Relying on the global undefined variable is another rookie mistake for JavaScript library authors.

Granted, yes I think libraries in particular should code defensively and I originally saw the var undefined; trick in jQuery some time ago, but realistically, I think they are making a mountain of a mole hill. In my mind it's more of a rookie mistake to trample the undefined type in your code than it is to assume the undefined type has been trampled. I'm no elite js interpreter wizard but in fact I believe the other reason why libraries use the var undefined; trick is to gain a slight speed boost.

boucher · on Nov 12, 2009

Some code is so bad that it's hard to have sympathy for the people who wrote it when stuff breaks. Overriding undefined is one of those things.

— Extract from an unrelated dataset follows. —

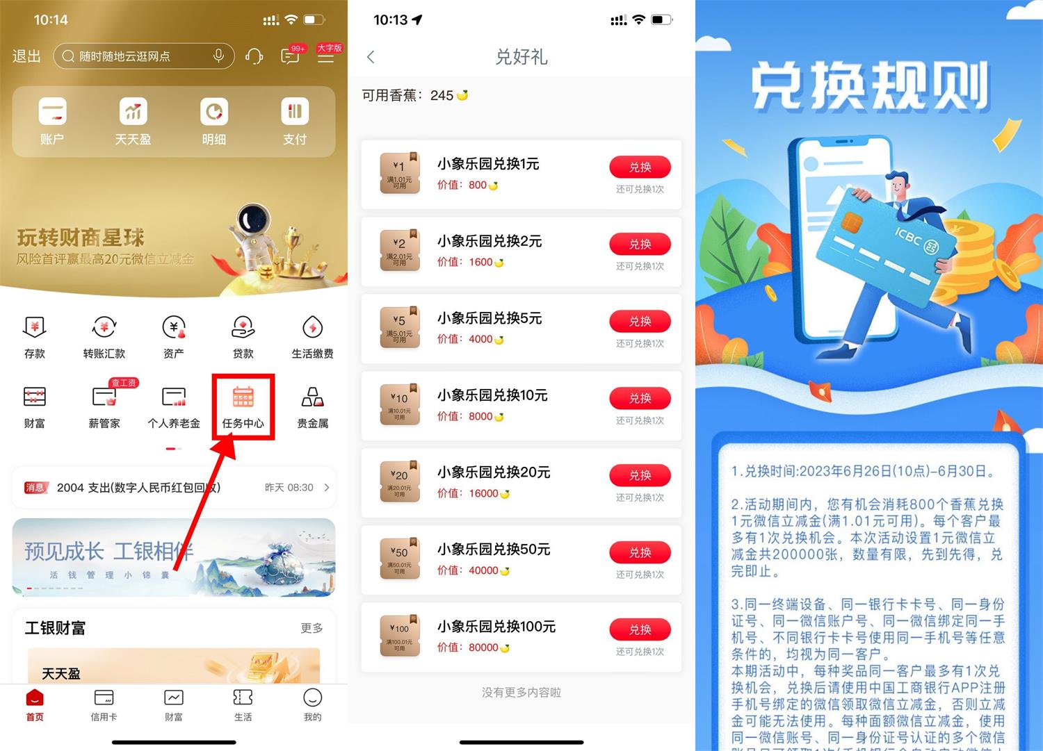工行APP搜索“任务中心”进入->签到和做任务得香蕉->

If we're getting that nitpicky, having an isDef method at all is adding an unnecessary function call that will slow down your program. And while you certainly could create an undefined variable for checking against each time, I'd hardly say not doing so is a "rookie mistake".

kunley · on Nov 12, 2009

Funny.

Blogger complaints that there's permanent lack of some optimizations in the code because authors have chosen an intuitive way of expressing things in the language. The problem is maybe not the authors, but the fact that efficient way of programming in JS is usually counter-intuitive.

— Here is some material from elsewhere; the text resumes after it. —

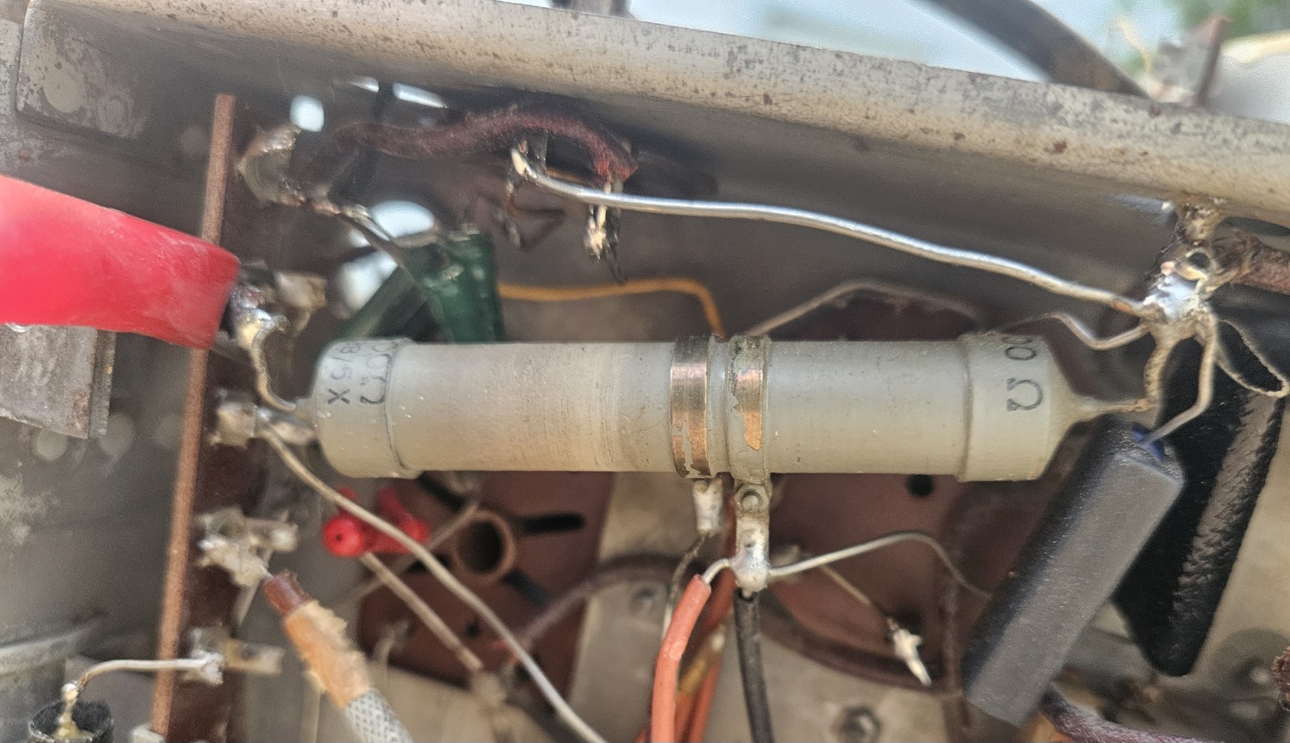 „Die Geschichte mit dem Anodenspannungs-Teilerwiderstand hat mir doch keine Ruhe gelassen. Ich hatte ja festgestellt, dass der bei mir eingebaute Widerstand nur 2 Abgriffschellen hat, im Schaltbild aber 3 Abgriffe eingezeichnet waren. Diese Beobachtung hatte auch Detlef (Radionar) bestätigt.

Wake up JS, it's XXI century! ;P

aarongough · on Nov 12, 2009

Wow, sometime reading around HN is a little scary! The sheer amount of expertise that the community can bring to bear on nearly any topic is pretty crazy. Even more-so with something like this that impinges on a core subject for many of the people here...

lhorie · on Nov 12, 2009

Is it just me, or is it becoming fashionable to criticize google's code? This one is a few days old:

http://webreflection.blogspot.com/2009/11/google-closure-im-...

jpcx01 · on Nov 12, 2009

Pretty good critique. Hopefully Google gets these (mostly minor issues) cleaned up in the next release.

boucher · on Nov 12, 2009

I'd say it isn't. As you said, most of the problems are minor. Some of the performance assumptions are false. Very little of this seems to be of any consequence.

jomohke · on Nov 12, 2009

Agreed. I was expecting a critique of the library API. JavaScript APIs (including, especially, the browser APIs) have a long history of being overly-verbose, and designed as if it was Java.

Has anyone used the closure library API enough to comment?

jollojou · on Nov 12, 2009

The article succeeds at least in one thing. It shows that not everything Google releases is perfect and great. Keep your eyes open.